Alfalfa sprouts contain saponins, a class of alkaloids (7.93% on dry weight
basis, sprouts from commercial sources) and L-canavanine sulfate, an amino acid
analog. Saponin levels are at their maximum when sprouts are 6-8 days old (most
common time for eating); L-canavanine sulfate is present in the seed and
decreases as the sprout grows. The issue of whether these factors are
significant is subject to debate.
* Livingston et al. (Nutritional and Toxicological Aspects of Food Safety, pgs.
253-268), citing research by Malinow, report negative health effects in animals
and humans from consumption of alfalfa sprouts. They believe that consuming
large amounts of alfalfa sprouts is risky.
* Cousens (Conscious Eating, pg. 372) , citing relevant client cases, reports
no harmful effects from consumption of moderate amounts of raw alfalfa sprouts.
* Readers are encouraged to check the above references and decide for themselves
on this issue. An alternate, experimental approach is to hold your diet constant
for a few days, then add alfalfa sprouts to your diet, and observe the effects
(if any) of the alfalfa - that is, listen to your body.

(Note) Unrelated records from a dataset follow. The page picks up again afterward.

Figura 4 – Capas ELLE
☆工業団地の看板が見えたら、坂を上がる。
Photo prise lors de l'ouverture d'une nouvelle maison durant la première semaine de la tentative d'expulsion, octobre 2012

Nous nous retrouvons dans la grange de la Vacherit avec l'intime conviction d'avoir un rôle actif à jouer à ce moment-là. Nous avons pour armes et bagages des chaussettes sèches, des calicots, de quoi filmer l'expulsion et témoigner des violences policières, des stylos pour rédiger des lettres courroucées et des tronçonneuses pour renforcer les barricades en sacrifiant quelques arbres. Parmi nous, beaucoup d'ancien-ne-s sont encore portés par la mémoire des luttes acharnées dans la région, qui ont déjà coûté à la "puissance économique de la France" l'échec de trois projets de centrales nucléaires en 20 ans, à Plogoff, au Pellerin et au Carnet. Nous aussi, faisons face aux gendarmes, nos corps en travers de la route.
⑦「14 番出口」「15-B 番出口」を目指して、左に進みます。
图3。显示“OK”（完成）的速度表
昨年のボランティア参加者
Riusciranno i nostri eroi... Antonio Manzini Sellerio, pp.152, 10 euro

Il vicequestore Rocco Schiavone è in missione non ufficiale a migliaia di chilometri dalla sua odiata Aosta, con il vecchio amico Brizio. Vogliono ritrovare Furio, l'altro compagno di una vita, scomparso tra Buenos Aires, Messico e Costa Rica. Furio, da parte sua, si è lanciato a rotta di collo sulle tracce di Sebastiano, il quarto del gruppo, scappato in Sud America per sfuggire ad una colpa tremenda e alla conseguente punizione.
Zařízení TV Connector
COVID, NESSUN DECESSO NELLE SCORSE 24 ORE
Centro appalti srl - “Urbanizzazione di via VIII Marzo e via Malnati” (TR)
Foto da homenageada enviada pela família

Don't Sprout:  Sorghum  (potentially toxic levels of cyanide in seed coat)


Oat Sprout Milk - Special Version

The following makes around 3 cups of delicious oat/almond milk.

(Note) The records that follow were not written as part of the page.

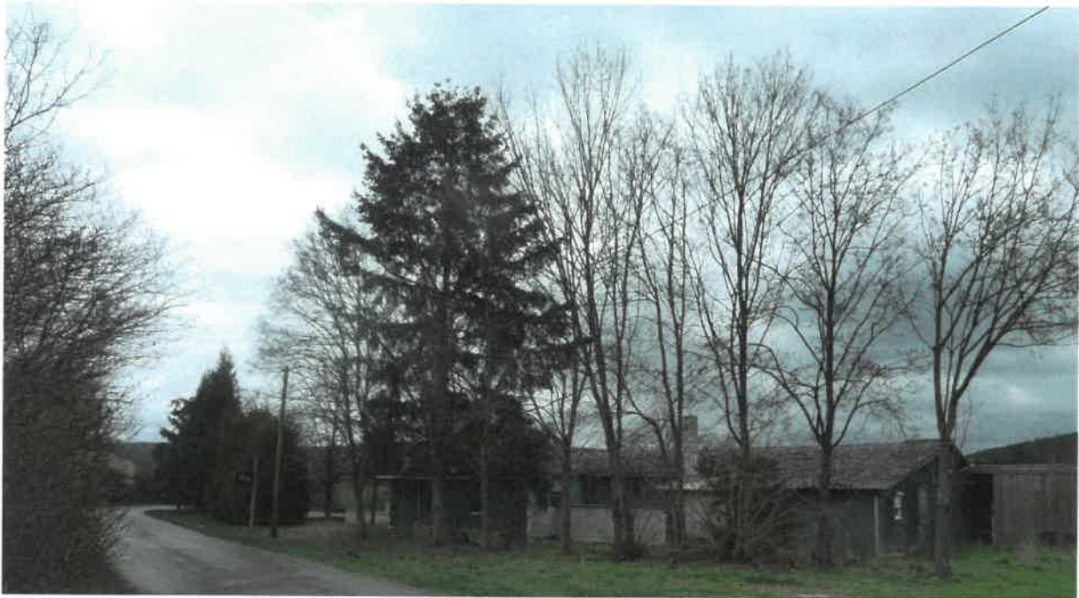
Abb. 6: Weitere Gehölze im Nordwesten und ehemaliges, bereits abgebrochenes Vereinsheim

Im Bereich der Obdachlosenunterkünfte befinden sich vier, im Jahre 2022 errichtete Wohncontainer zur vorübergehenden Unterbringung von Obdachlosen sowie zwei weitere Kfz-Stellplätze.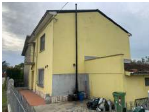
vista 3 lato nord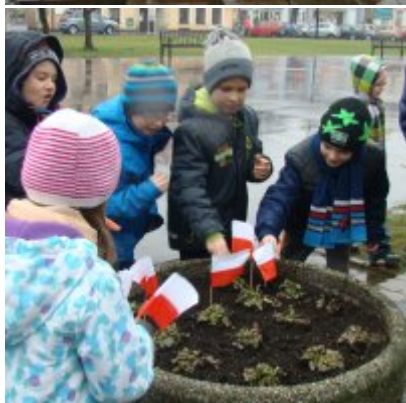
Narodowy Dzień Pamięci Żołnierzy Wyklętych w ZSO Zator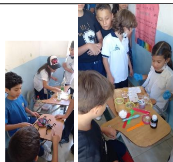
Día de la ciencia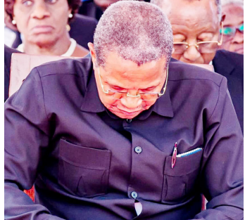
Rais mstaafu, Jakaya Kikwete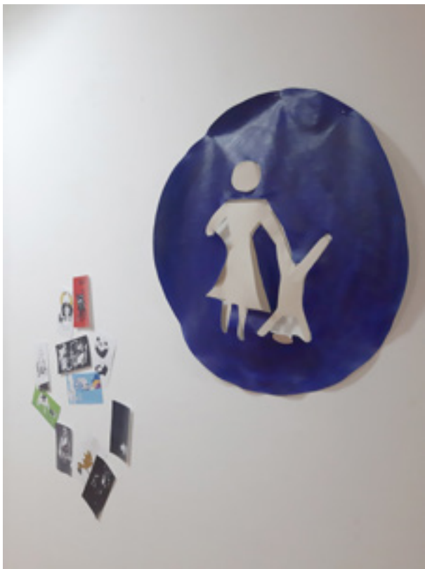
Jamezdin „Životinje pored puta” 2020; kombinovana tehnika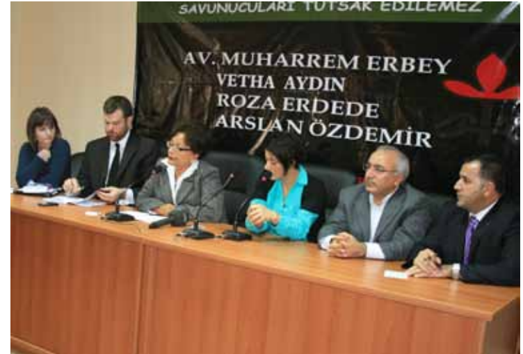
FIDH ve İHD Ortak Basın Açıklaması / 17 Ekim 2010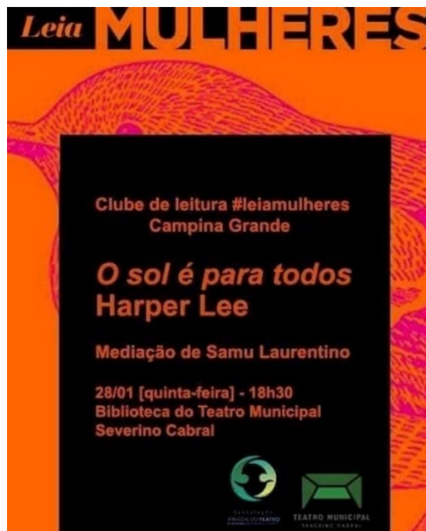
Card de divulgação do primeiro encontro do Leia Mulheres de CG

Start with: a little more than 1/4 cup dry sprouting oats, and, optionally,
1/8 cup Lundberg Farms Wehani rice. Soak 12 hours, then sprout for 1.5 days.
Separately, soak 15-20 almonds for 12 hours, then sprout for 1.0 days (should
be ready about same time as oat sprouts).

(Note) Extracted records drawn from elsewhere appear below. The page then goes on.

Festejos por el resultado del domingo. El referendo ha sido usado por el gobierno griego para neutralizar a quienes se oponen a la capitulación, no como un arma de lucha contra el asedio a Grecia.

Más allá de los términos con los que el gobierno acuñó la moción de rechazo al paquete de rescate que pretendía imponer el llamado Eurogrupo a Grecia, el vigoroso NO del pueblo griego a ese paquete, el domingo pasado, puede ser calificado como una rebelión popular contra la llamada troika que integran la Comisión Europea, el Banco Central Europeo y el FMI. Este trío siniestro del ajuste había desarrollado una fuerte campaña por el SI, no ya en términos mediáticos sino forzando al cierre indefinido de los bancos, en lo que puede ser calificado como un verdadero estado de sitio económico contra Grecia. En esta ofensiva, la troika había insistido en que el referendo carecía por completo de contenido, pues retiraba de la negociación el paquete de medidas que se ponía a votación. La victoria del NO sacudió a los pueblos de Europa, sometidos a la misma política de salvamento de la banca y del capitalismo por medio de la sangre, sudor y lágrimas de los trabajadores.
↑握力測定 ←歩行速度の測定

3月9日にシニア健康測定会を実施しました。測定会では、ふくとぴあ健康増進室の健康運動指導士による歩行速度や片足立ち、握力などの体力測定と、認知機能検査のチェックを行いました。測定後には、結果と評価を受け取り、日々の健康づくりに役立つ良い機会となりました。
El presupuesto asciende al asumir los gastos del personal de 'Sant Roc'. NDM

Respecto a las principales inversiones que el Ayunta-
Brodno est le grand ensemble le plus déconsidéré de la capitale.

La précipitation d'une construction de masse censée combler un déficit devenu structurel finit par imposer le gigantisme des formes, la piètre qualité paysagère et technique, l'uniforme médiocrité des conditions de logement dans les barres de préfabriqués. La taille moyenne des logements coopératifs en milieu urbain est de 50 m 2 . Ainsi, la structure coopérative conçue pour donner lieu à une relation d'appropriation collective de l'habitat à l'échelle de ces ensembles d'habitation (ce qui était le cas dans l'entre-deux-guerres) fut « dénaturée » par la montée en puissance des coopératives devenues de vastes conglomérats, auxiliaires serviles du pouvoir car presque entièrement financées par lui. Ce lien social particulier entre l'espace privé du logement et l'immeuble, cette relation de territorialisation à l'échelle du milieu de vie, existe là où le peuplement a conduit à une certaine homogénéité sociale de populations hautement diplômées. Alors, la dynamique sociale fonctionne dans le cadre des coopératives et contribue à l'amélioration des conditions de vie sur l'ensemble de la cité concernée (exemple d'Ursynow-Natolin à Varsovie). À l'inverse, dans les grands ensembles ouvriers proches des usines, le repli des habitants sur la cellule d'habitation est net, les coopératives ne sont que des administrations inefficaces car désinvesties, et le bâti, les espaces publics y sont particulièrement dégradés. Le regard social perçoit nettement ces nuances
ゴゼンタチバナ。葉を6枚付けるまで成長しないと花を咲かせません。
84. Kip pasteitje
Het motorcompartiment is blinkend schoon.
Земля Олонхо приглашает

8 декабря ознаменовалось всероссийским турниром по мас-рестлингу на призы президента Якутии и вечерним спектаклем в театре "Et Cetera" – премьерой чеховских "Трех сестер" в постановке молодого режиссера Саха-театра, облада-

Rinse oat(/rice) sprouts, put in blender with 2 cups good quality water, blend.
Best to add 1 cup water, blend on medium for 30 seconds or so, then add second
cup of water and blend on high for another 30-45 seconds. Now strain the blended
liquid through a steel mesh strainer and/or cheesecloth (or similar).Discard
hull pulp, rinse blender clean, put base milk back in blender. **

Peel the sprouted almonds (might blanch first with warm water), rinse, put
almonds in blender. Add 1 tablespoon of raw honey (or other sweetener, optional)
to blender.  Now add flavoring, one of: vanilla bean (about 1/2 inch or so),
cardamom seed (decorticated or powder, 1/4 tsp), or cinnamon (1 rounded tsp).
Run blender on medium speed for a few seconds to mix/grind, then turn down to
low speed and let blender run for 2+ minutes to homogenize. (The almonds are
not strained out but retained in the milk for full flavor and nutrition.)

Note that the recipe up to ** is the basic milk recipe; can use recipe,
substituting other types of grains, seeds, or nuts for the rice, to yield
other types of oat sprout milk. Sprouting/soaking details will vary with grain,
seed, or nut used in place of the rice.